But what is exactly happening when you see the wait event ‘cell smart table scan’? Can we say anything based on this waits, like you can with other wait events?

If you have access to an exadata database machine, and have a table that is big enough to be smartscanned by the database, issue the following statements:
(Please mind that I’ve found these statements to be harmless, but execute these statements at your own risk. As with any execution of SQL: this uses resources on the Exadata, and could influence the performance)
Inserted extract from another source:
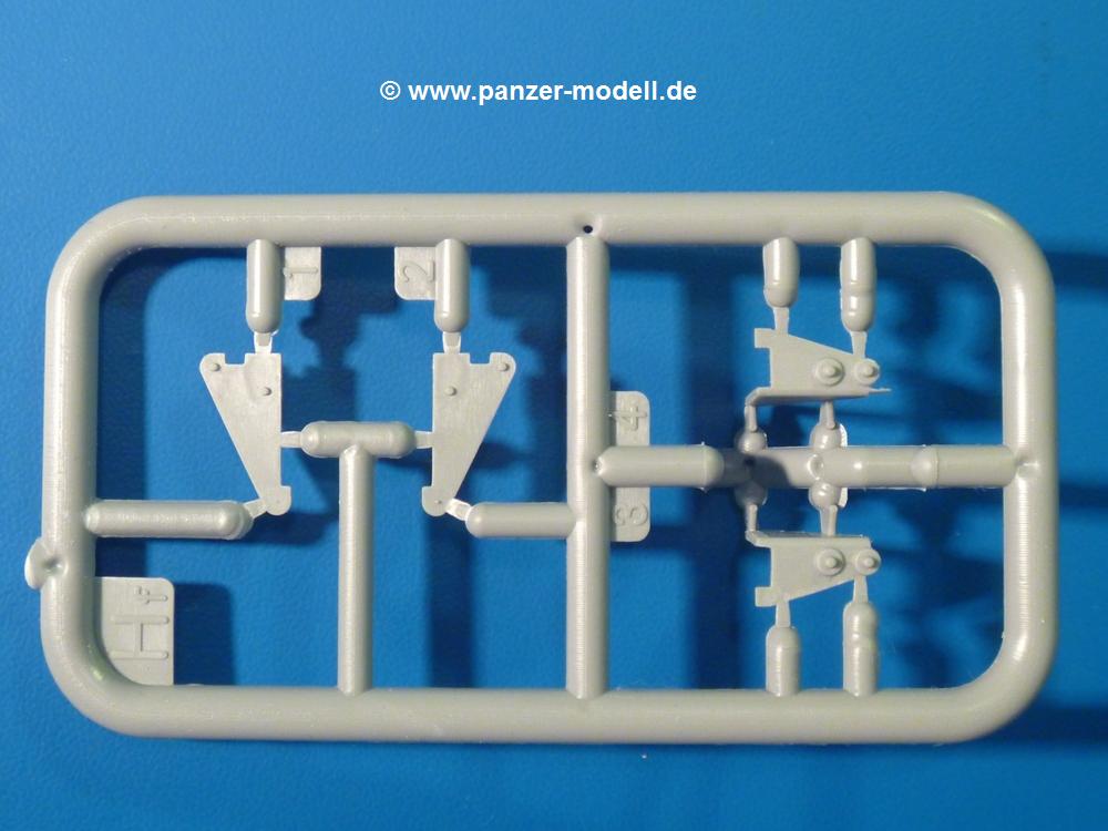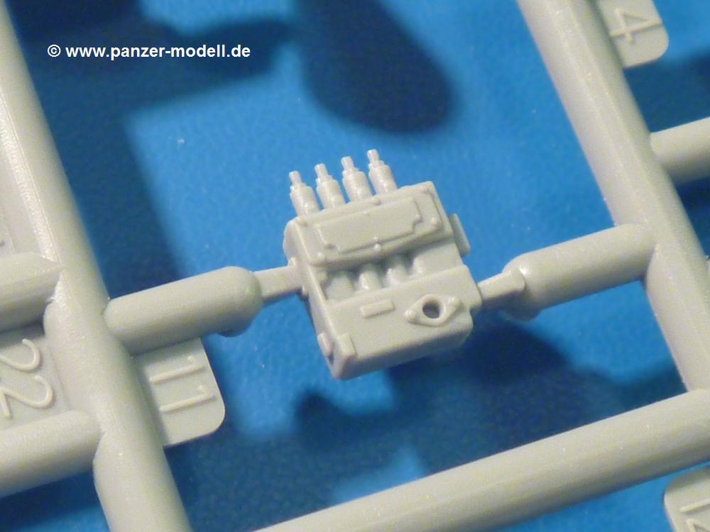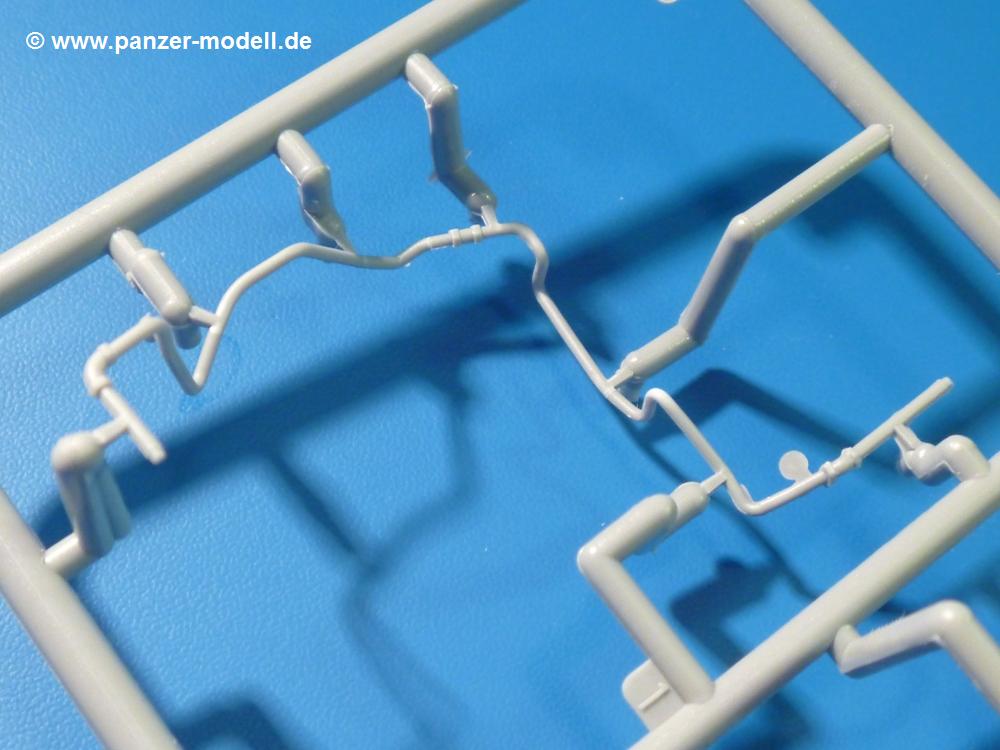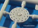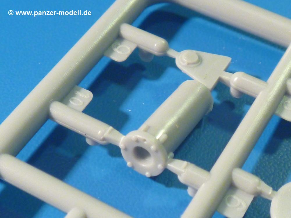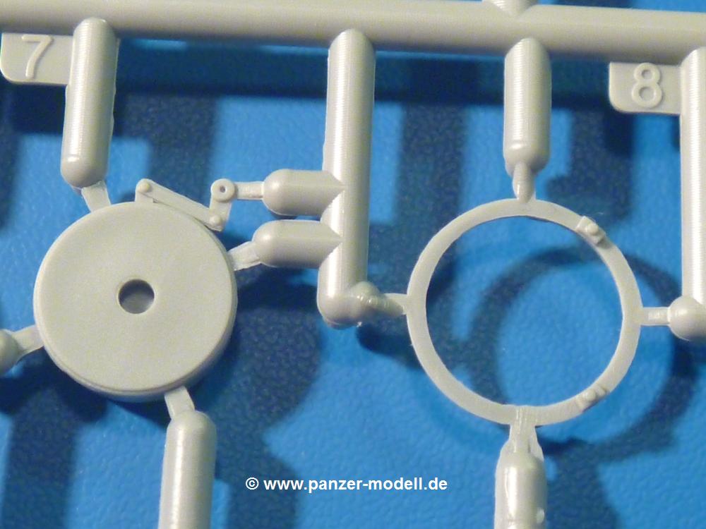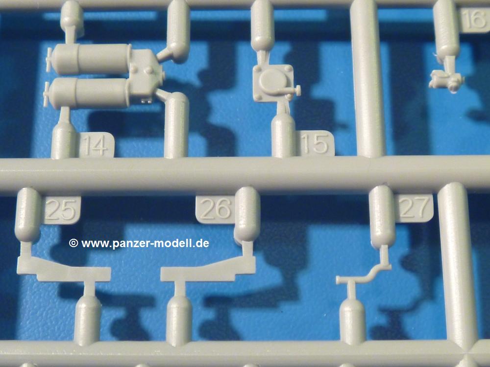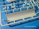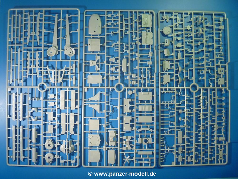 Die Teile aus hellgrauem Plastik sind sauber gespritzt, ohne Verzug und Versatz, hier und da minimaler Grat, keine Fischhäute, 1-2 minimale Sinkstellen. Auswerferspuren sind nur auf Innenseiten von Teilen vorhanden, so dass sie beim Zusammenbau verschwinden, ohn das man sie wegschleifen und verspachteln müsste. Viel Vorsicht muss man aufwenden, um manche filigrane Teile wie Gestänge zerstörungsfrei von den Spritzlingen zu lösen.Das Herzstück bilden die beiden Motoren. Schon der kleinere 2-Zylinder Benzinmotor macht ordentlich etwas her. Man kann sich an Details wie Bedienhebeln, Verschraubungen, Zündkerzen und erhabenen Gussnummern erfreuen. Interessantes Detail - der kleine Auspuffkrümmer mündet in den großen des Dieselmotors. Auch das Gestänge für die Anwurfkurbel auf der Motorhaube wurde nicht vergessen. Schon beim Motorenbau kommen die ersten Decals (Bedienhinweise) zum Einsatz. Das Auspuffendrohr erhält, anders als bei den Vorgängerversionen, einen dicken SchalldämpferAuf dem Motorblock des Dieselmotors prangt in erhabenen Buchstaben der Caterpillar Schriftzug. Zylinderkopfdeckel, Einspritzpumpe und separate -düsen, Keilriemen und -scheiben, Lüfterrad, Bedienhebel, Schläuche usw., usw. Man hat den Eindruck, dass kein Teil vergessen wurde. Der kleine Tank für den Benzinmotor findet seinen Platz an der Stirnseite des Dieselmotors. Der Ölmessstab der Ölwanne wird separat angebracht. Details über Details. Einige wenige PE Teile (3!) werden für feine Gestänge gebraucht. Technikbegeisterte werden voll auf ihre Kosten kommen und da es sich hier um eine teilgepanzerte Version handelt, beliebn als die schönen Details auch sichtbar.Der markante Kühler besteht aus 3 Bauteilen mit sehr feinen Kühlrippen.Am großen Kupplungsgehäuse sitzt das Getriebe, das in den großen Getriebekasten mit den Seitenabtrieben mündet. Am Getriebkasten sitzen auch die Längsträger. Auf deren Innenseiten sind einige Auswerfermarken zu finden, aber wie gesagt - auf den Innenseiten. Auch sitzen die Anschlüße der Laufrollenwagen am Getriebkasten. Diese werden ohne Kleben eingesetzt, d.h. man kann den D7 das Beinchen heben lassen wie beim Original, wenn die große Blattfeder nicht zu störisch sein wird. Dioramenbauer werden dies begrüßen.Es wird spannend werden, die vielen Hebel, Gestänge und Pedale in die richtige Position zu bringen. Einiges wird dabei unter den fein geriffelten Bodenblechen wieder verschwinden, aber sehen wir dies mit asiatischer Philosophie - "Der Weg ist das Ziel!".Der große Luftfilter befindet sich vor den Füßen des Fahrers. Der zylindrische Körper ist aus einem Stück gefertigt, also keine Naht, wo keine Naht sein sollte. Die Flügelmuttern zum Verschluß gibt es als Einzelteile.Am Heck werden die unteren Seiltrommeln der LeTourneau R7 Kraftsteuerung angebracht. Dies sind wohl die Überreste des LeTourneau XD7 Bulldozers, die nach Umrüstung auf Hydraulikbedienung des Räumschildes überiggeblieben sind und auch oft auf Originalaufnahmen noch zu sehen sind.Das Rückenteil des Fahrersitzes bildet der Tank für den Dieselmotor. Das Sitzpolster ist schön geformt mit leichten Wellen, wo der Fahrer sitzt. Der Fahrerplatz wird durch einen gepanzerten Aufbau geschützt. Er besteht aus den einzeln zusammenzufügenden Panzerplatten. Türen und Sichtluken werden separat angebaut und können geöffnet oder geschlossen dargestellt werden. Türgriffe und Bedienhebel der Sichtluken sind selbstverständlich vorhanden.Die Laufrollenwagen werden aus mehreren Längs- und Querträgern zusammengesetzt. Jedes Laufrollenpaar besteht aus 4, bzw. 6 Teilen und wird drehbar bleiben. Gleiches gilt für Antriebs- und Leiträder. Nur die Stützrollen werden fest verklebt. Der Federmechanismus für die Leiträder besteht aus Innen- und Außenfedern, die sehr schön (aus Plastik) geformt sind, dass es schon wieder ein Schande ist, die Abdeckungen überhaupt zu montieren. Die Einstellspindeln für die Leiträder erhalten trapezförmige Lager aus PE Teilen. Dazu müssen die Spindeln abgeschnitten und nach Montage der PE Teile wieder verklebt werden.Die einzigen Befestigungspunkte der Laufrollenwagen stellen zum einen die Gehäuse der Antriebsräder, die Auflage der Blattfeder und die dicken, bügelförmigen Halterungen dar.Der markante Kühlergrill gibt dem Traktor sein Gesicht. Er wird noch einmal durch ein zusätzliches Lochblech von vorn her geschützt. Links und rechts des Grills chließen Seitenbleche mit Caterpillar Aufdruck und den Hauptscheinwerfern an. Die Bleche decken aber nichts vom Motor ab. Man sieht auch nach der Endmontage zu ziemlich alles. Daran ändert auch die Motorhaube nichts. Die Scheinwerfer sind innen hohl mit angedeuteter Glühbirne und glasklaren Scheinwerfergläsern mit schöner Riffelung im Glas. Nach Montage der Haube setzt man nur noch das Aufpuffendstück und die Anlasserkurbel für den Benzinmotor auf. Bevor man die seitlichen Trittbleche montiert, sollte die Kette erst aufgezogen werden. Pro Seite nur 36 Kettenglieder, aber jedes Glied besteht aus 1 Bolzen, 2 Seitenführungen und 1 Auflage. Die Bauanleitung verspricht volle Beweglichkeit. Man muss nur vorsichtig mit dem Klebstoff umgehen.Ein Modell für sich stellt der LaPlant-Choate R71 Trailbuilder dar. Darunter ist die hydraulisch-verstellbare Räumschaufel zu verstehen. Die Hydraulikzylinder greifen über Hebel auf den C-Rahmen zu, der den Räumschild trägt. Auch wenn die Anleitung Klebstoff an Gelenken verbietet, sehe ich aber nicht, wie der Räumschild angehoben werden kann, wenn sich die Kolbenstangen der Hydraulikzylinder nicht ausfahren lassen. Allerdings bieten sich verschiedene Gestaltungsmöglichkeiten. Der überbreite Schild lässt sich in Geradeausstellung oder jeweils 30 Grad nach links oder rechts versetzt bauen. Mit den Zylindern allein ist es nicht getan. Hydraulikölbehälter und auch alle Leitungen zu den Zylindern und den Steuerelementen sind vorhanden.Die Abziehbilder (Decals) entha

SQL> alter session set tracefile_identifier='frits'; --make it easy to find the tracefile
SQL> alter session set events 'trace[libcell.client_library.*]';
SQL> alter session set events 'sql_trace level 8';
SQL> --- now issue a full table scan on a table 
SQL> select /*+ noparallel */ count(*) from bigtable1;

  COUNT(*)
----------
  63938560
SQL> exit

Now take the tracefile and look inside!

WAIT #139739525441360: nam='SQL*Net message to client' ela= 1 driver id=1650815232 #bytes=1 p3=0 obj#=-1 tim=1381752114437651

*** 2013-10-14 07:02:01.516
WAIT #139739525441360: nam='SQL*Net message from client' ela= 7078360 driver id=1650815232 #bytes=1 p3=0 obj#=-1 tim=1381752121516483
CLOSE #139739525441360:c=0,e=13,dep=0,type=1,tim=1381752121516628
=====================
PARSING IN CURSOR #139739525440176 len=57 dep=0 uid=0 oct=3 lid=0 tim=1381752121516762 hv=2246504030 ad='85b3e090' sqlid='gmm4k0y2ydvky'
select /*+ noparallel */ count(*) from bigtable1
END OF STMT
PARSE #139739525440176:c=0,e=83,p=0,cr=0,cu=0,mis=0,r=0,dep=0,og=1,plh=3875318932,tim=1381752121516760
EXEC #139739525440176:c=0,e=87,p=0,cr=0,cu=0,mis=0,r=0,dep=0,og=1,plh=3875318932,tim=1381752121516992
WAIT #139739525440176: nam='SQL*Net message to client' ela= 2 driver id=1650815232 #bytes=1 p3=0 obj#=-1 tim=1381752121517053
WAIT #139739525440176: nam='reliable message' ela= 2053 channel context=2700762248 channel handle=2700440152 broadcast message=2669087352 obj#=-1 tim=1381752121519402
WAIT #139739525440176: nam='enq: KO - fast object checkpoint' ela= 504 name|mode=1263468550 2=65571 0=1 obj#=-1 tim=1381752121520099
WAIT #139739525440176: nam='enq: KO - fast object checkpoint' ela= 330 name|mode=1263468545 2=65571 0=2 obj#=-1 tim=1381752121520594
WAIT #139739525440176: nam='Disk file operations I/O' ela= 4 FileOperation=2 fileno=6 filetype=2 obj#=-1 tim=1381752121520664

*** 2013-10-14 07:02:01.525
initializing OSS
ossnet_optip_trace: Host is not NUMA. Returning no IP preference

This is the start of my tracefile (but yours could be a bit different). First the usual SQL*Net waits, then the query which gets parsed and executed, then the wait for ‘enq: KO – fast object checkpoint’, which is an indication we are going to do direct path IO, because the KO enqueue indicates this object is checkpointed to make sure that the version of the blocks on disk is current.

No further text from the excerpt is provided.